*** Provided data ***
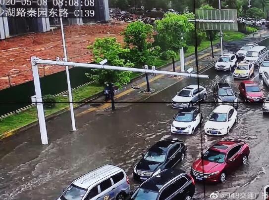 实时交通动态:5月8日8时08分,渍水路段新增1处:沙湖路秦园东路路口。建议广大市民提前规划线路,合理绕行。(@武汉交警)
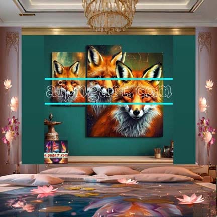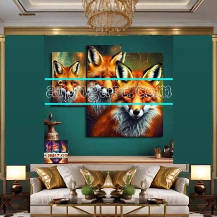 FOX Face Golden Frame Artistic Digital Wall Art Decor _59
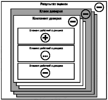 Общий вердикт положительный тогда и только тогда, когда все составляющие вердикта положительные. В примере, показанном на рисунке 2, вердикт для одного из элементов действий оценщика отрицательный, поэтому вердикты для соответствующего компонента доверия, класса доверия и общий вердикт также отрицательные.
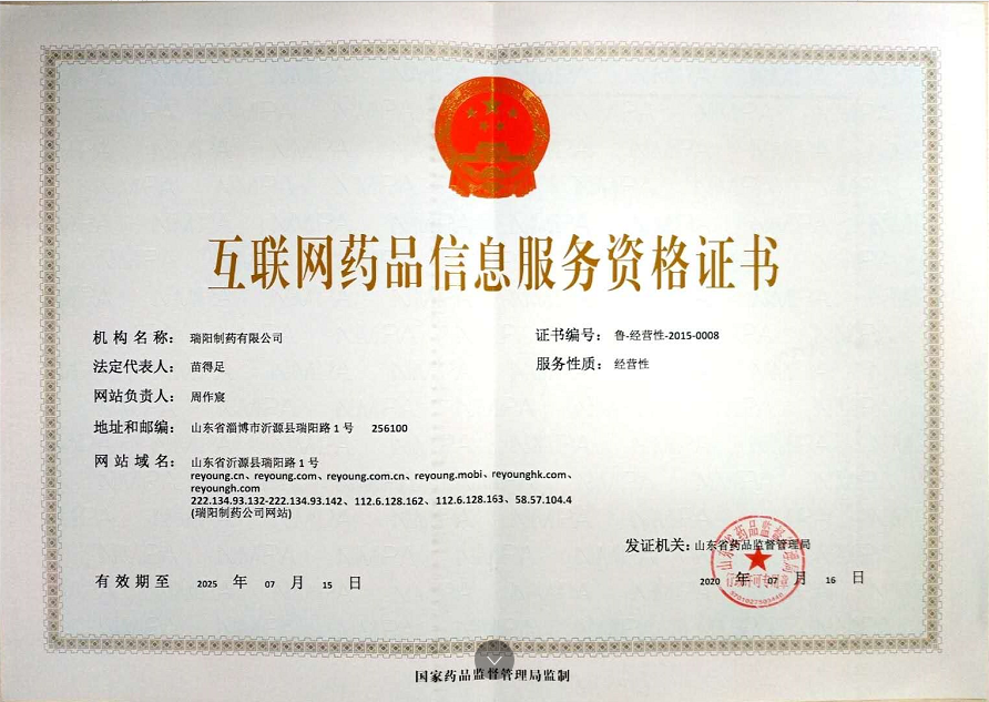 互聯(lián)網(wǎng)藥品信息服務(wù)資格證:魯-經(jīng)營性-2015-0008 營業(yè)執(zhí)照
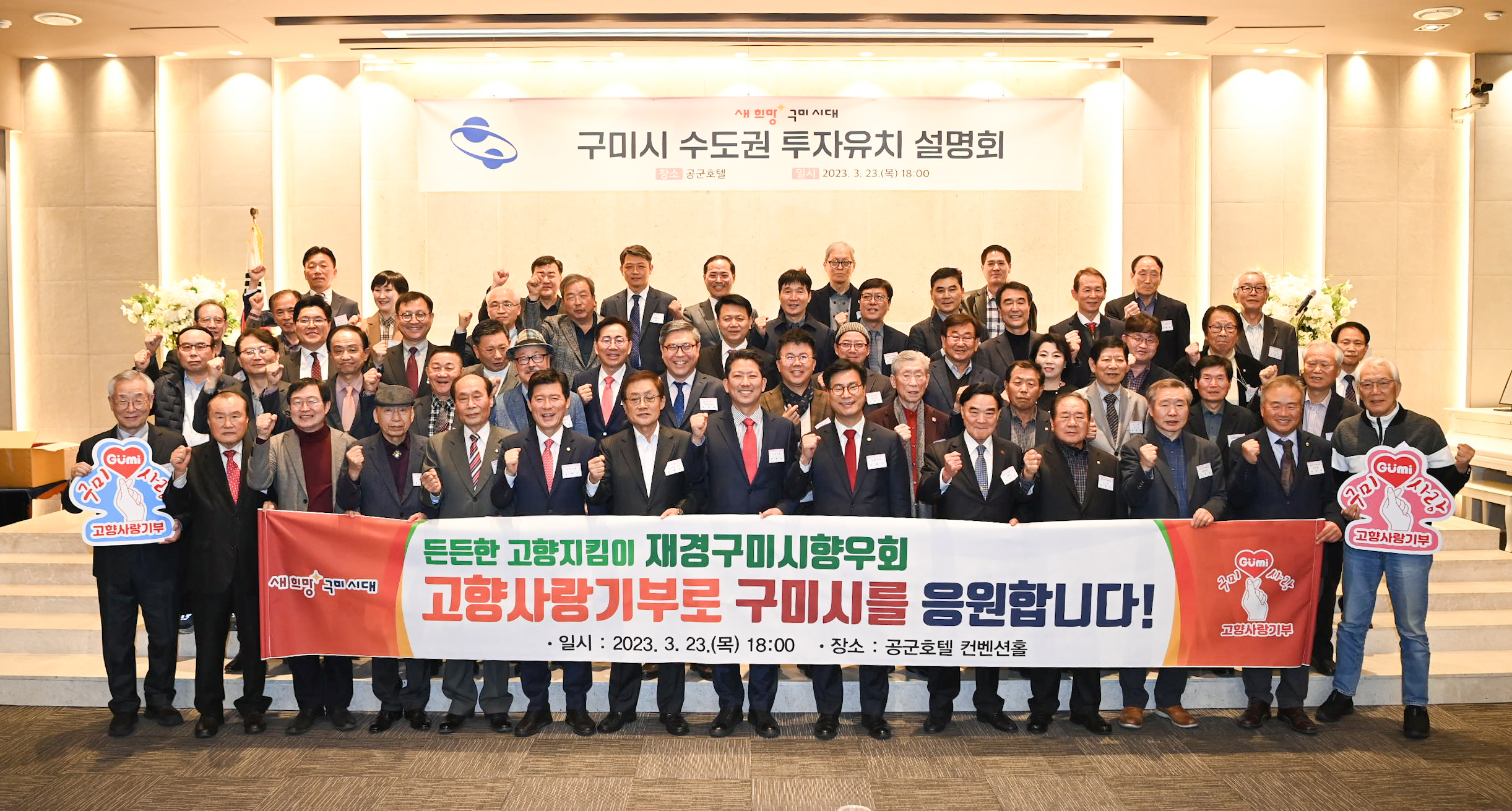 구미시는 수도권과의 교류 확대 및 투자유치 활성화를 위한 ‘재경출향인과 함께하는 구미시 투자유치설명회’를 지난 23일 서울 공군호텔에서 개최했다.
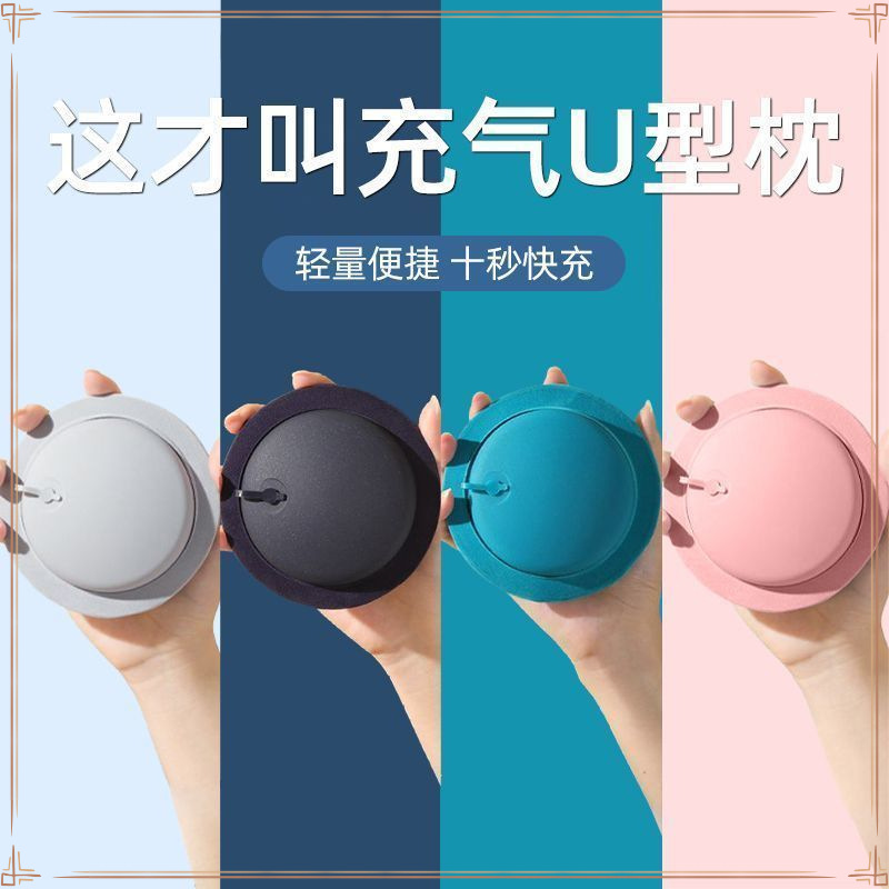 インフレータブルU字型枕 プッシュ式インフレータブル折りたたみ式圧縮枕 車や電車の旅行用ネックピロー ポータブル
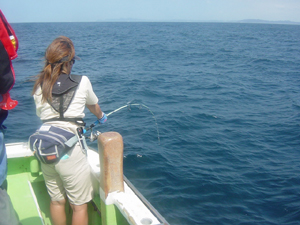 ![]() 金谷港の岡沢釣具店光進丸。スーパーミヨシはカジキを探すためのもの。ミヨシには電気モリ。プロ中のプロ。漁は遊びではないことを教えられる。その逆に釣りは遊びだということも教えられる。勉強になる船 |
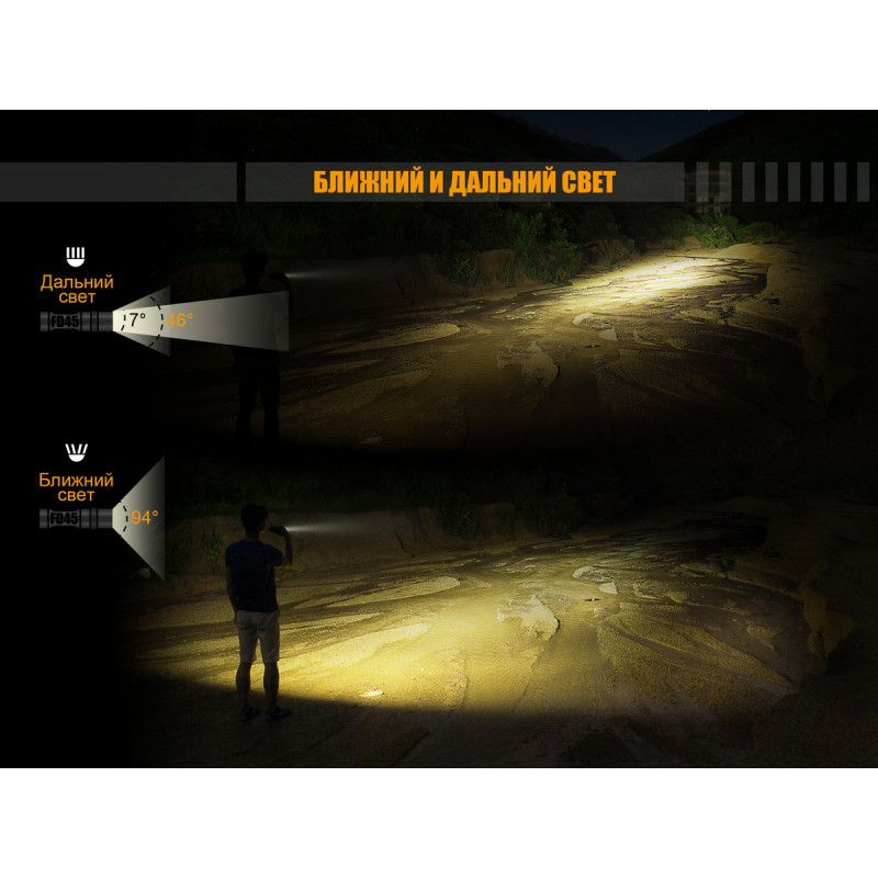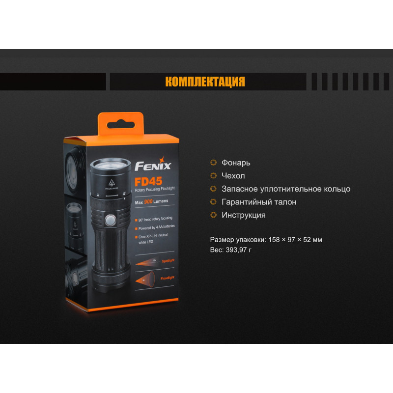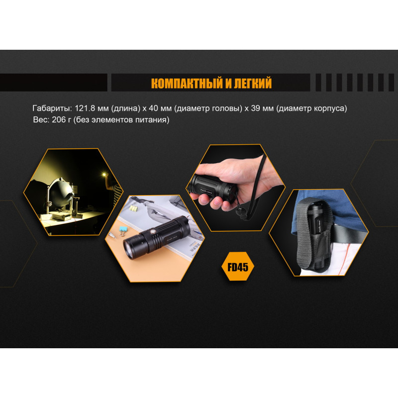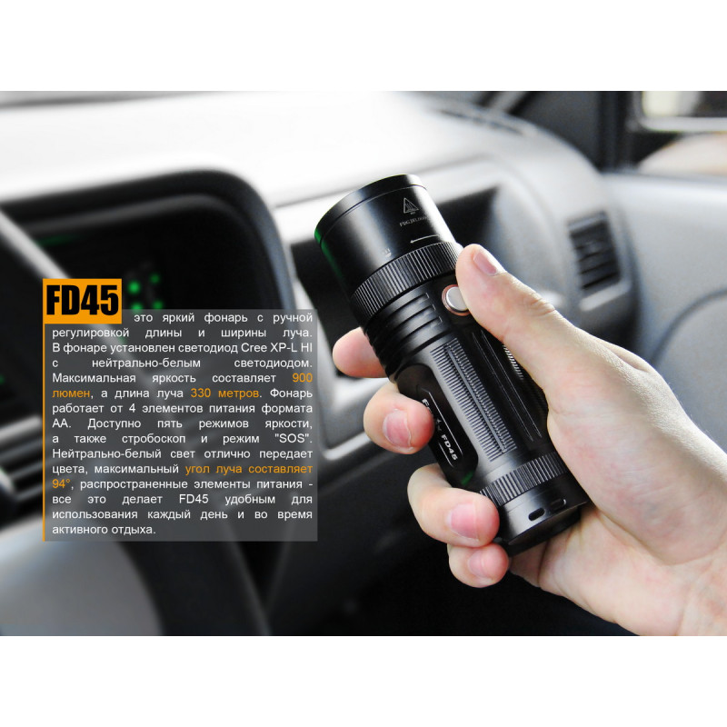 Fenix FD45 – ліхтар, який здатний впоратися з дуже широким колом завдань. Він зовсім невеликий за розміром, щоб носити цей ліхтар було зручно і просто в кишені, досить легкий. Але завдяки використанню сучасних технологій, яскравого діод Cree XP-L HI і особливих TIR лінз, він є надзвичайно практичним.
***
• **Assigned task**: Output all of the data exactly. Skip the pictures.

• **Result for this task**:
 实时交通动态:5月8日8时08分,渍水路段新增1处:沙湖路秦园东路路口。建议广大市民提前规划线路,合理绕行。(@武汉交警)
 FOX Face Golden Frame Artistic Digital Wall Art Decor _59
 Общий вердикт положительный тогда и только тогда, когда все составляющие вердикта положительные. В примере, показанном на рисунке 2, вердикт для одного из элементов действий оценщика отрицательный, поэтому вердикты для соответствующего компонента доверия, класса доверия и общий вердикт также отрицательные.
 互聯(lián)網(wǎng)藥品信息服務(wù)資格證:魯-經(jīng)營性-2015-0008 營業(yè)執(zhí)照
 구미시는 수도권과의 교류 확대 및 투자유치 활성화를 위한 ‘재경출향인과 함께하는 구미시 투자유치설명회’를 지난 23일 서울 공군호텔에서 개최했다.
 インフレータブルU字型枕 プッシュ式インフレータブル折りたたみ式圧縮枕 車や電車の旅行用ネックピロー ポータブル
 ![]() 金谷港の岡沢釣具店光進丸。スーパーミヨシはカジキを探すためのもの。ミヨシには電気モリ。プロ中のプロ。漁は遊びではないことを教えられる。その逆に釣りは遊びだということも教えられる。勉強になる船 |
 Fenix FD45 – ліхтар, який здатний впоратися з дуже широким колом завдань. Він зовсім невеликий за розміром, щоб носити цей ліхтар було зручно і просто в кишені, досить легкий. Але завдяки використанню сучасних технологій, яскравого діод Cree XP-L HI і особливих TIR лінз, він є надзвичайно практичним.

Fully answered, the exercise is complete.